Ok guys, here is the deal. If you hunt a bluetick, redbone,  english, or walker there are some good dogs, some great dogs and some sorry dogs. 
JMFniterider: you can look at it however you want to. If the dog you have named was good enough to win it all he would have won it. If he was that good the number of walkers in his way would not have mattered. I mean a walker won each division, even though there were a lot more walkers, the dogs that came out on top were the best dogs. You can say what you want to about walkers but more people hunt them because they are winners bottom line. If blueticks were so great there would be more of them. This is just my opinion. For instance if Crowson had been hunting Hemi in the open division instead of a pup he would have had a good shot at winning it. Hemi is a great bluetick and has won enough to prove it.

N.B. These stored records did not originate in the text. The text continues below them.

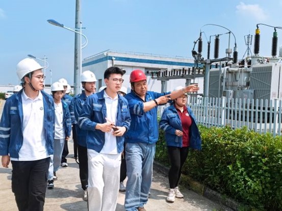 当日下午,实践队前往常熟福山光伏发电有限公司110KV升压站进行实地探访。在技术人员和老师的现场讲解下,队员们近距离观察了升压站核心设备,并通过实时监控操作系统界面,直观了解了电站的日常运行管理、电力汇集与输送流程。这种“眼见为实”的体验极大增强了队员们对大型新能源项目建设和智能运维管理的感性认识与专业认同感。
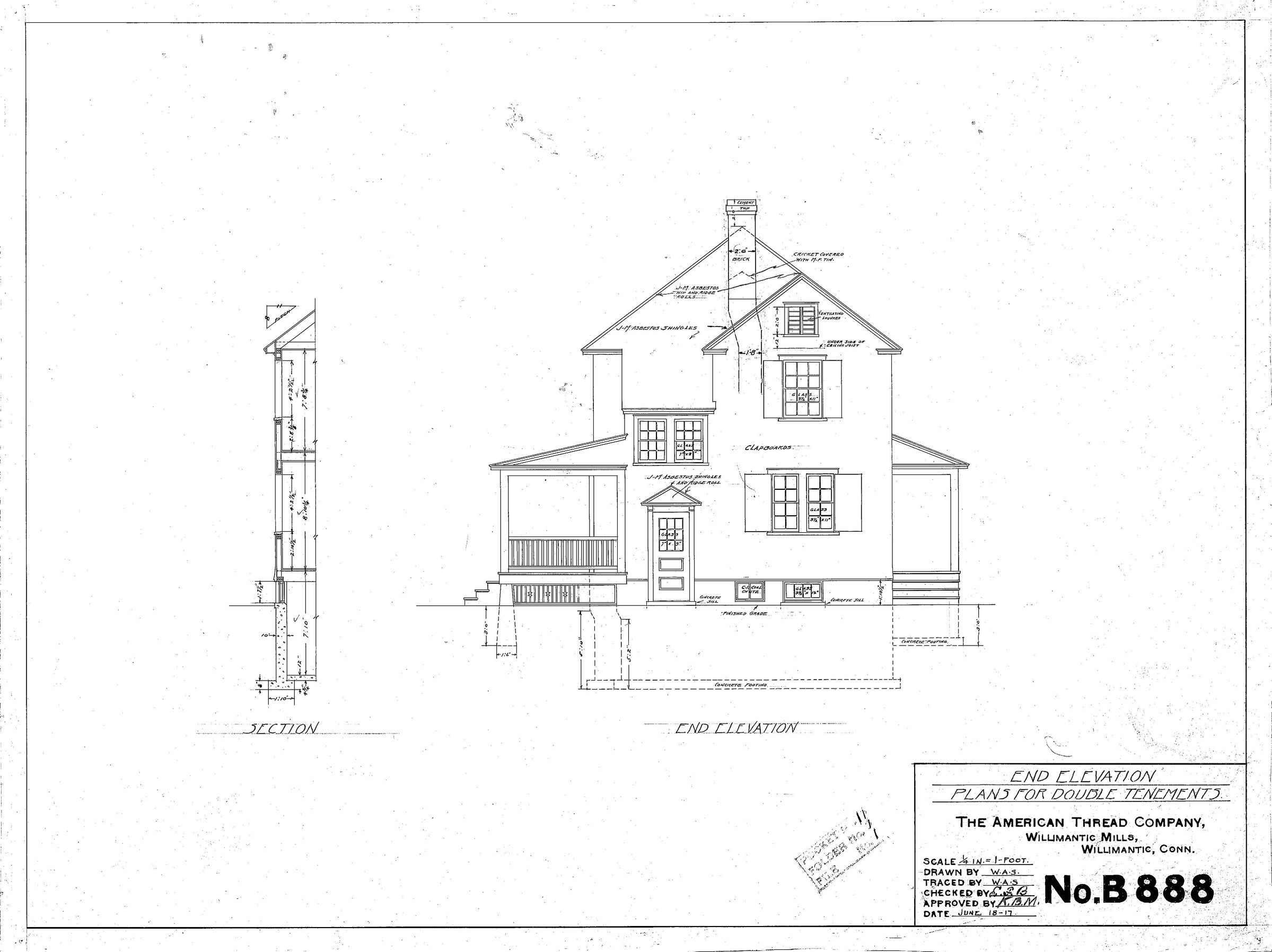 Plans for double tenements, end elevation, the American Thread Company, Willimantic Mills, Willimantic, CT. Iverton, a.k.a., Model Village.Collection
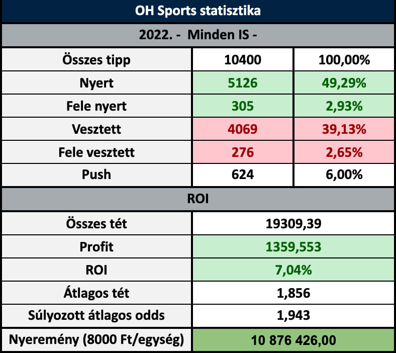 Az OH Sports összesített 2022-es statisztikája
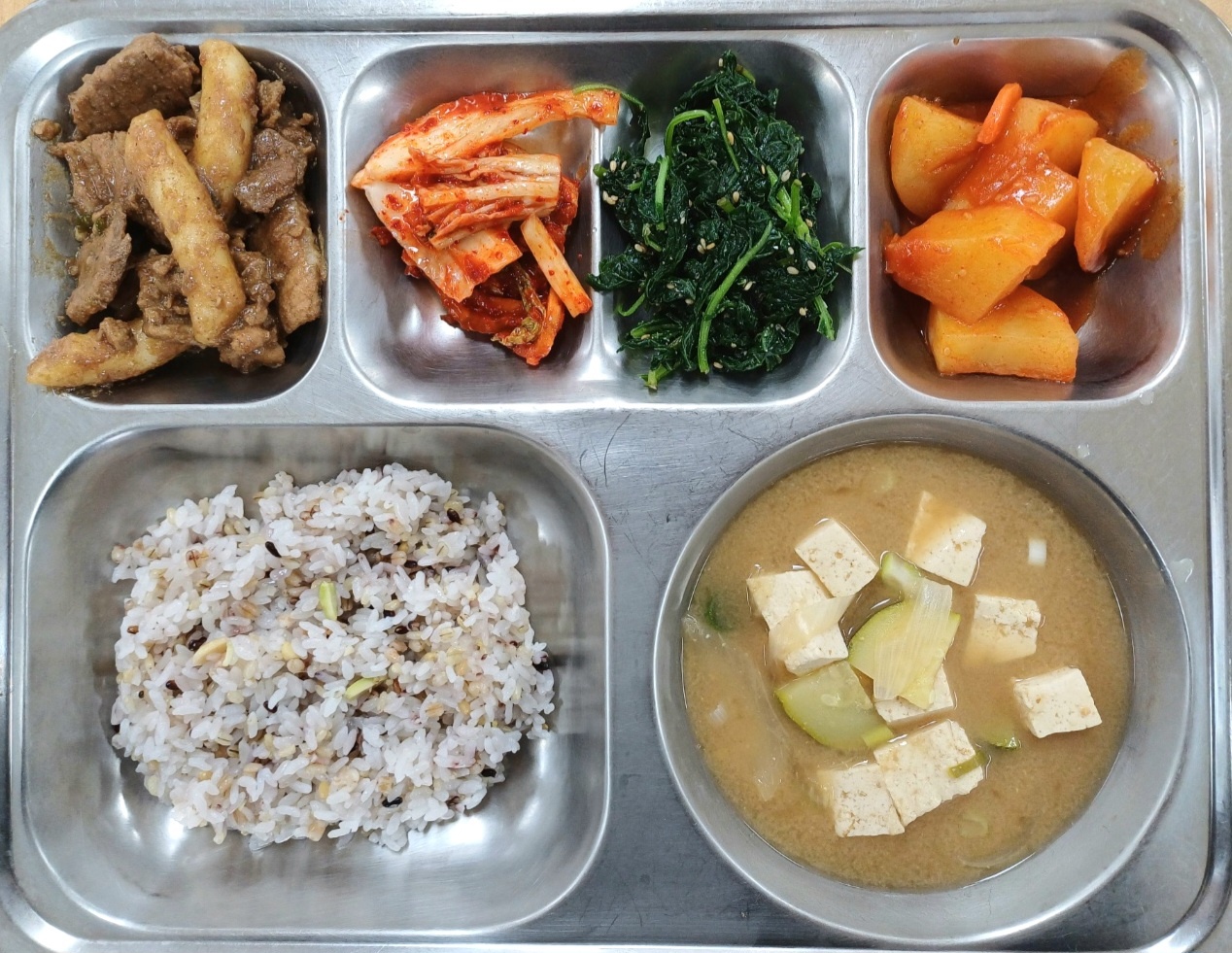 [조식] 친환경잡곡밥,두부된장국,칼집순살돼지갈비맛구이,고추장감자조림,깨순나물(자율),배추김치
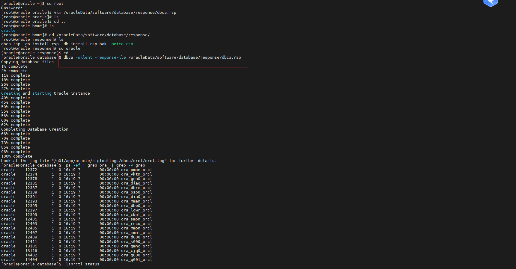 dbca -silent -responseFile /oracleData/software/database/response/dbca.rsp
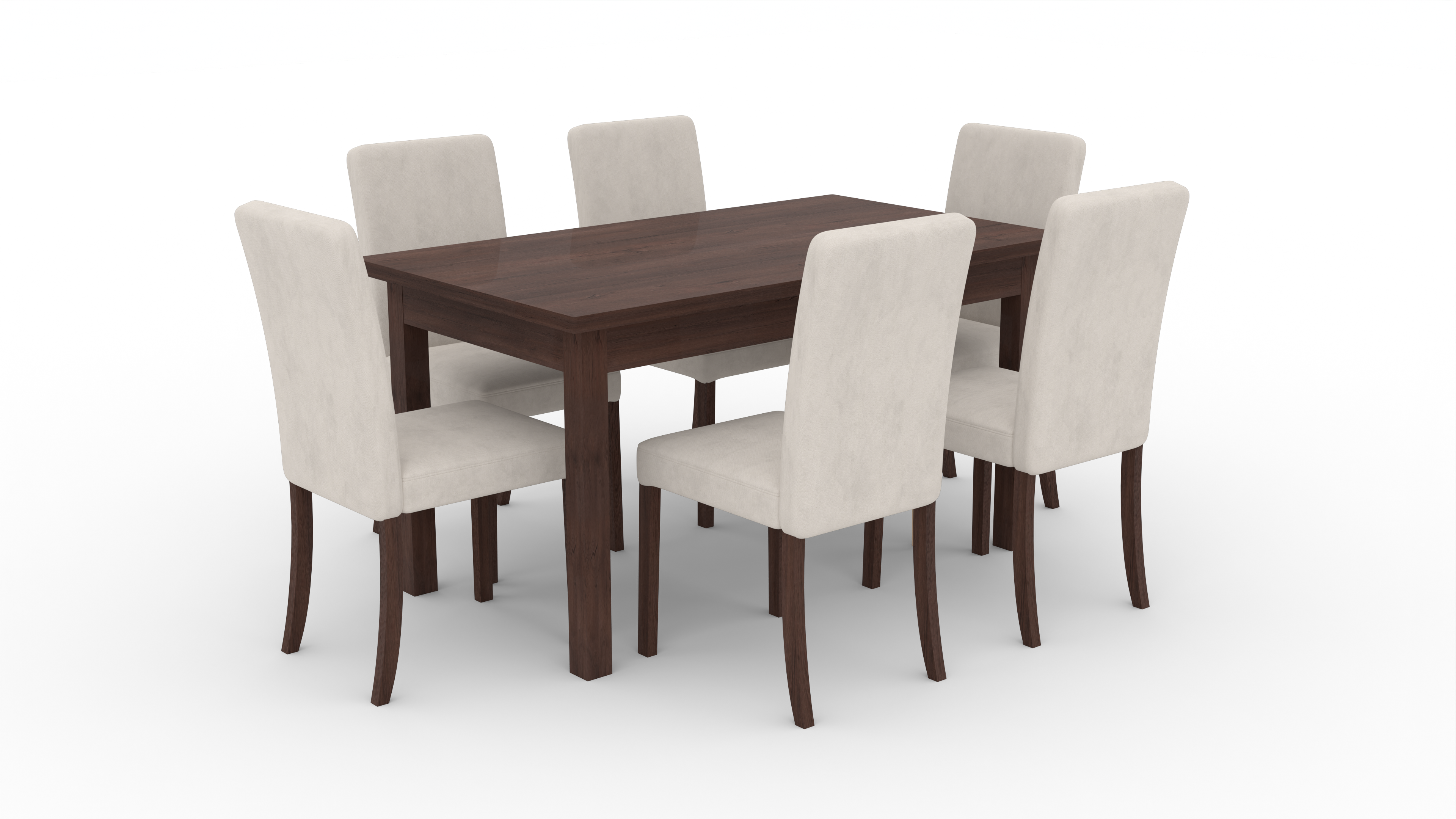 Rhodes 81 komplektas puikiai tiks jūsų valgomojo kambariui. Komplektą sudaro stalas su stačiakampiu stalviršiu ir šešios apmuštos kėdės. Stalą galima išskleisti su įdėklu, kuris prailgina stalviršį iki 180 cm. Stilingos kėdės turi tvirtas buko medžio kojas ir apmuštą sėdynę bei atlošą bet kokia jūsų pasirinkta medžiaga iš galerijoje pateiktų. Dėl plataus spalvų pasirinkimo šis komplektas tiks bet kokiam interjerui ir papildys jūsų svetainę, virtuvę ar valgomojo kambarį....
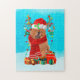 Chow chow att njuta i snö med julklappar som bär jultomten hatt och med christmas ljus är en perfekt gåva till någon som kärlek i hund aveln i
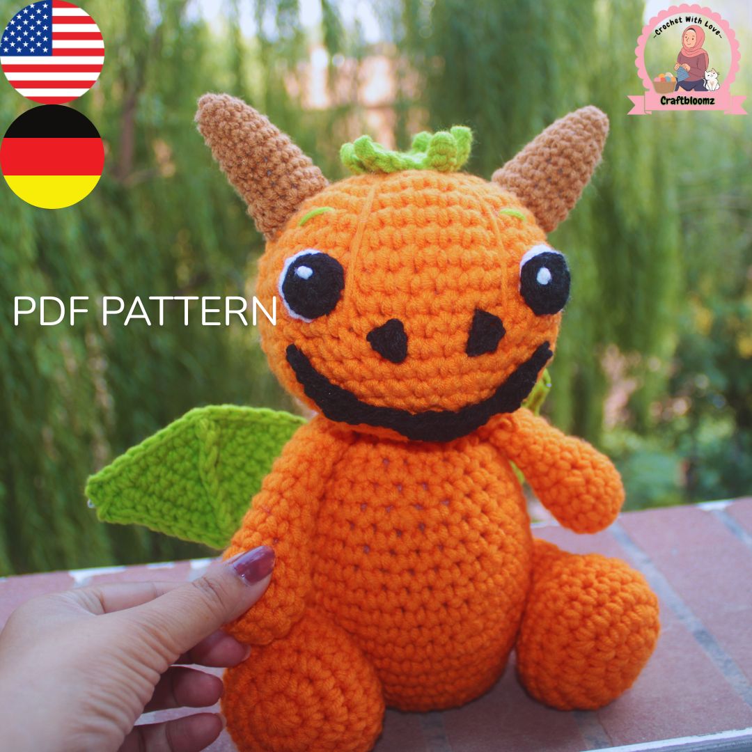 Pumpkin Dragon Amigurumi Crochet Pattern / Halloween Fall Decor PDF Tutorial
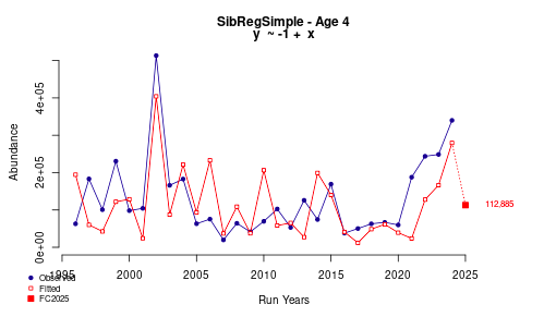 Plot of observed vs fitted return numbers using simple sibling regression prediction model for Age Class 4
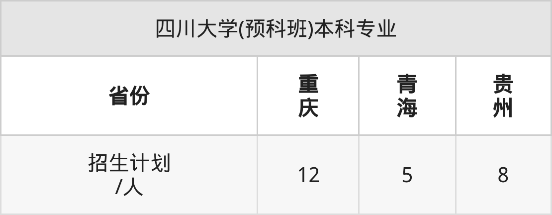 四川大学(预科班)面向重庆(12人)、青海(5人)、贵州(8人)开展本科招生。招生批次为本科批。
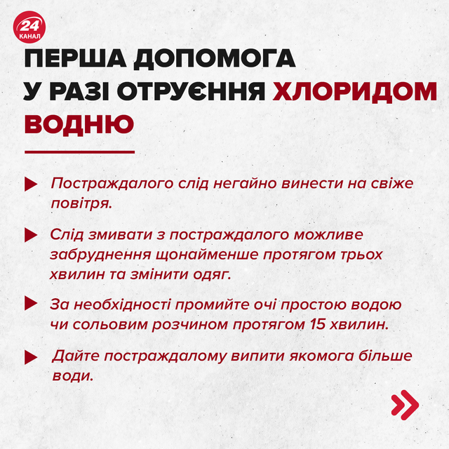 Первая помощь при поражении различными химикатами / Инфографика 24 канал / Источник Минздрав
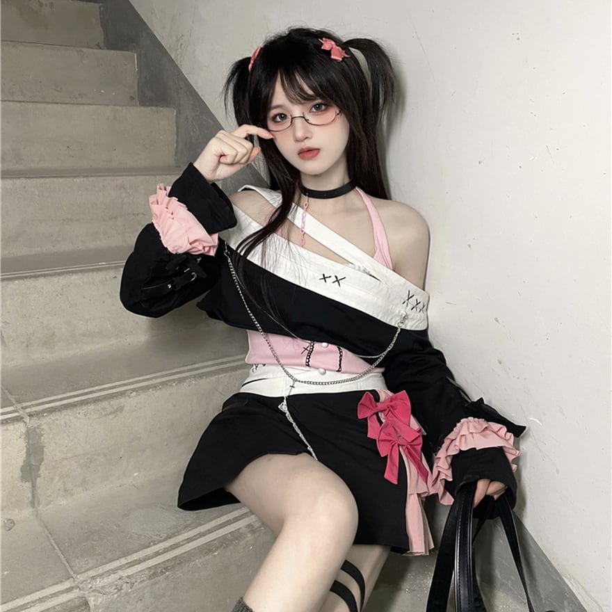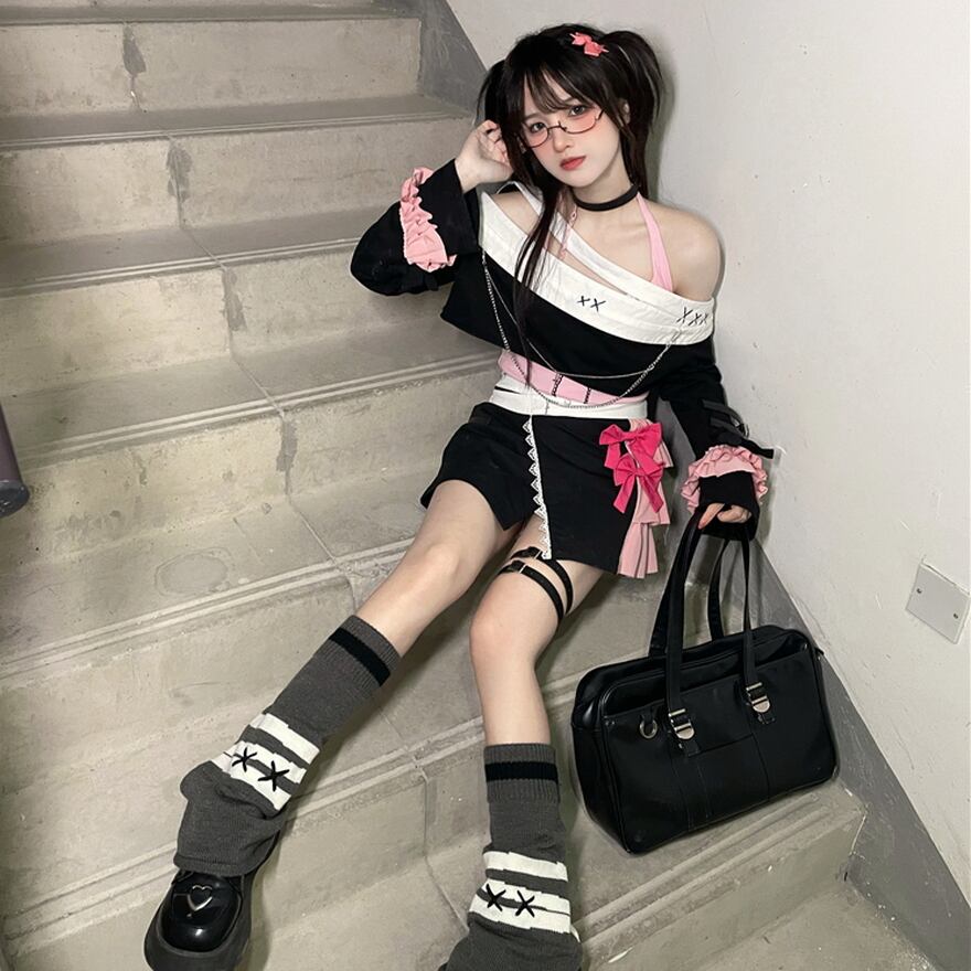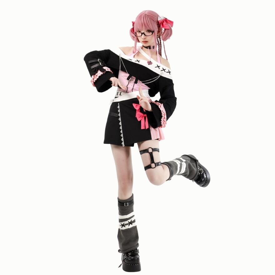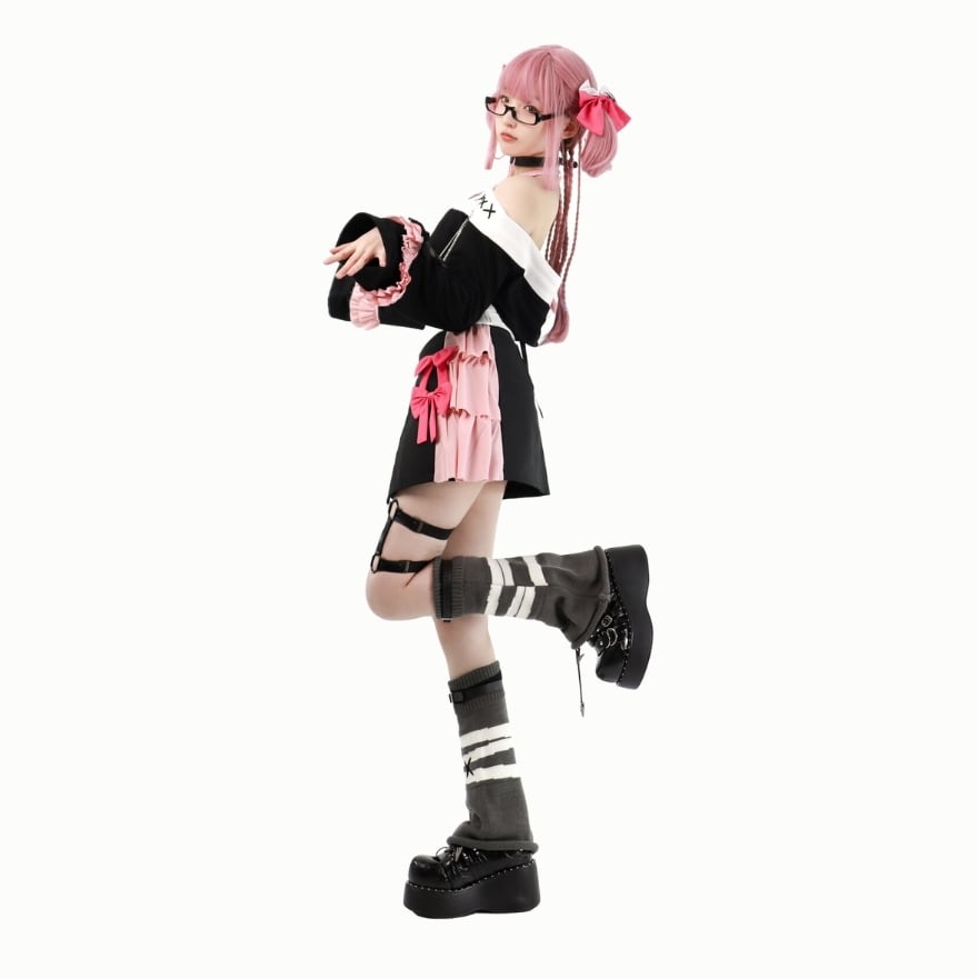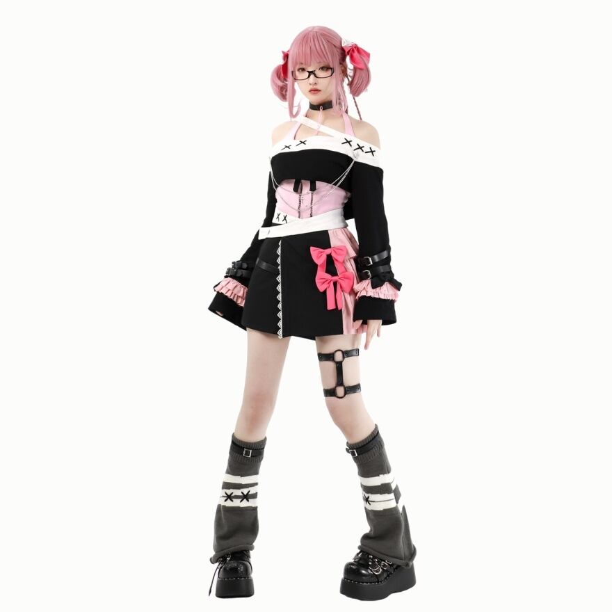 トレンドのブラック×ピンクのバイカラーに大きなサイドリボンが可愛いらしいミニスカに仕上がっています。

A dog is a dog no matter what you hunt. Take this and run with it


----------



## willcox (Jul 28, 2009)

.....Is What I Like said:


> Ok guys, here is the deal. If you hunt a bluetick, redbone,  english, or walker there are some good dogs, some great dogs and some sorry dogs.
> JMFniterider: you can look at it however you want to. If the dog you have named was good enough to win it all he would have won it. If he was that good the number of walkers in his way would not have mattered. I mean a walker won each division, even though there were a lot more walkers, the dogs that came out on top were the best dogs. You can say what you want to about walkers but more people hunt them because they are winners bottom line. If blueticks were so great there would be more of them. This is just my opinion. For instance if Crowson had been hunting Hemi in the open division instead of a pup he would have had a good shot at winning it. Hemi is a great bluetick and has won enough to prove it. A dog is a dog no matter what you hunt. Take this and run with it



one problem with your theory is where you go to hunt. put all the bluetick vs walker aside . it is almost impossible for  any dog that is outnumbered as bad as the walkers out number everything to draw one of the hot spots of the night if you know what i mean.all you can do is win your cast


----------



## .....Is What I Like (Jul 28, 2009)

Hot spot or no hot spot. All you have to do is win your cast three nights in a row to be the champion. If the bluedog is so great he could have done that. DOnt you think???


----------



## willcox (Jul 28, 2009)

why dont you bring your measuring stick on up here tonight and lets see what you got? and like i have asked before and cant seem to get an answer reckon what the walkers win loss ratio is? far more losers than winners . if they are all so great how did one walker win his cast 3 nights in a row? he must be super bad or the other 9 walkers he drew must need killing . DUH


----------



## .....Is What I Like (Jul 28, 2009)

With plus points. This is the open division winner all three nights. that is how a walker one. Superbad only got in one night by the way.
Zeb 3                             
Brad Mitchell – O 
Jeff Travis – H 
Score 200+ 

 Zeb 3
Brad Mitchell – O 
Jeff Travis – H 
Score 300+ 
Zeb 3 
Brad Mitchell – O 
Jeff Travis – H 
Score 600+


----------



## clp286 (Jul 28, 2009)

.....Is What I Like said:


> With plus points. This is the open division winner all three nights. that is how a walker one. Superbad only got in one night by the way.
> Zeb 3
> Brad Mitchell – O
> Jeff Travis – H
> ...



And just where was you at there big when all this was goin on???????????????


----------



## .....Is What I Like (Jul 28, 2009)

you could hunt your bluedog up there 8 nights and not score what this walker did in 3 nights.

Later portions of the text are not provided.